[Aeropars]

Hi guys!

I have a problem with trying to install a root CA on our network.

When i go through the wizard to install the CA i only have the option for a standalone CA and the enterprise options are greyed out.

I think this might be because I am not an enterprise admin.

We have a top level domain and a child domain. The top levle domain is used for nams sake only in anticipation of other networks being migrated to the one forest. The domain is running in 2003 mode while the forest is in 2000 mode.

With this in mind I logged onto the top level DC and tried to add myself to the enterprise admins group (via a group). I modified the enterprise admins group and clicked to chenge the location it was looking for items and selected the sub domain. I then clicked the objects button to to check that users and groups were selected and all that was showing was contacts and other objects. Why is this?!

Finally, I installed a standalone root CA on a test box. When i did this it installed all the templates yet when i didi this in a live environment the templates are missing.

Can anyone help?

Cheers

Lee

[alien_ri]

To install Enterprise CA your server needs to be member server.
Also what OS is on your CA? If we are talking about W2k8 and you want to use enterprise CA you need to have Windows server 2008 Enterprise or Datacenter edition.
For Windows server 2003 enviroment I'm not sure what are requirements for Enterprise CA

[Dumber]

For a Enterprise CA (also for windows 2003) you need to have an Enterprise server.
Windows 2003 standard only supports standalone ca's.

[jasonboche]

Quote:

Originally Posted by Dumber

For a Enterprise CA (also for windows 2003) you need to have an Enterprise server.
Windows 2003 standard only supports standalone ca's.

Enterprise CAs install on Sever 2003 Standard or Enterprise edition.

Enterprise CAs require an AD domain controller. That what the OP is missing.

Jas

[alien_ri]

Enterprise CA requires to be member server, but AFAIK you install it on member server NOT DC

[jasonboche]

My Enterprise root CA is installed on a DC running Win2k3 Standard Edition R2 SP2.
I have another subordinate Enterprise CA installed on another DC in the same domain running Win2k3 Standard Edition R2 SP2.
The CA was actually installed before R2 - the DCs used to be just Win2k3 Standard w/ SP1.

Admittedly since I don't deal with CAs a whole lot, I am foggy on some of the CA requirements and I tried looking up in my pocket admin guide which makes no reference to CAs.

I'll do some more research later today.

[Dumber]

Quote:

Originally Posted by jasonboche

Enterprise CAs install on Sever 2003 Standard or Enterprise edition.

Enterprise CAs require an AD domain controller. That what the OP is missing.

Jas

Well I assumed that he would like to have an autoenrollment which requires a Enterprise server.
I actually needed to rephrase my post.
Enterprise CA does is not required to install on a DC yet it must be a member of the domain.

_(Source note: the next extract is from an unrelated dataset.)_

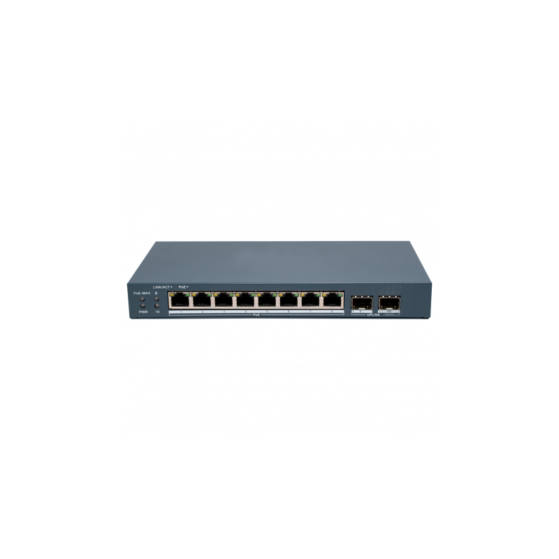 Switch gestionable Hikvision con 8 puertos PoE y 2 puertos SFP, capacidad total de alimentación PoE de hasta 80W, compatible con los estándares IEEE 802.3af y 802.3at, soporta VLAN, aislamiento de puertos, detección de bucle, agregación de enlaces, PoE Watchdog, y funciones SNMP, administración sencilla mediante Web, Hik-Partner Pro y Hik-Central Pro, diseño compacto de sobremesa y funcionamiento estable.

Here you can find some documentation about CA's
http://technet.microsoft.com/en-us/l.../cc700804.aspx
http://www.microsoft.com/windowsserv...i/default.mspx
http://technet2.microsoft.com/window....mspx?mfr=true

Personally I would go for an offline standalone root CA and using Enterprise Subordinate Enterprise CA running on a 2003 Enterprise.
Gives a lot of benfits including auto-enrollment and certificate templates.

[alien_ri]

Quote:

Originally Posted by Dumber

Enterprise CA does is not required to install on a DC yet it must be a member of the domain.

I post it earlier... that your server needs to be member server not DC

Quote:

Personally I would go for an offline standalone root CA and using Enterprise Subordinate Enterprise CA running on a 2003 Enterprise.
Gives a lot of benfits including auto-enrollment and certificate templates.

I agree. First you set standalone CA. After you finish configuring it, you take your server offline, that is best admin practics
My advice is to plan your implementation of CA very carefully, as I read about it, there are many tricks in which you can fall

[jasonboche]

Quote:

Originally Posted by alien_ri

To install Enterprise CA your server needs to be member server.
Also what OS is on your CA? If we are talking about W2k8 and you want to use enterprise CA you need to have Windows server 2008 Enterprise or Datacenter edition.
For Windows server 2003 enviroment I'm not sure what are requirements for Enterprise CA

Enterprise Certificate Authorities install on Windows 2003 Active Directory Domain Controllers, Standard or Enterprise edition (or Datacenter edition I imagine as well).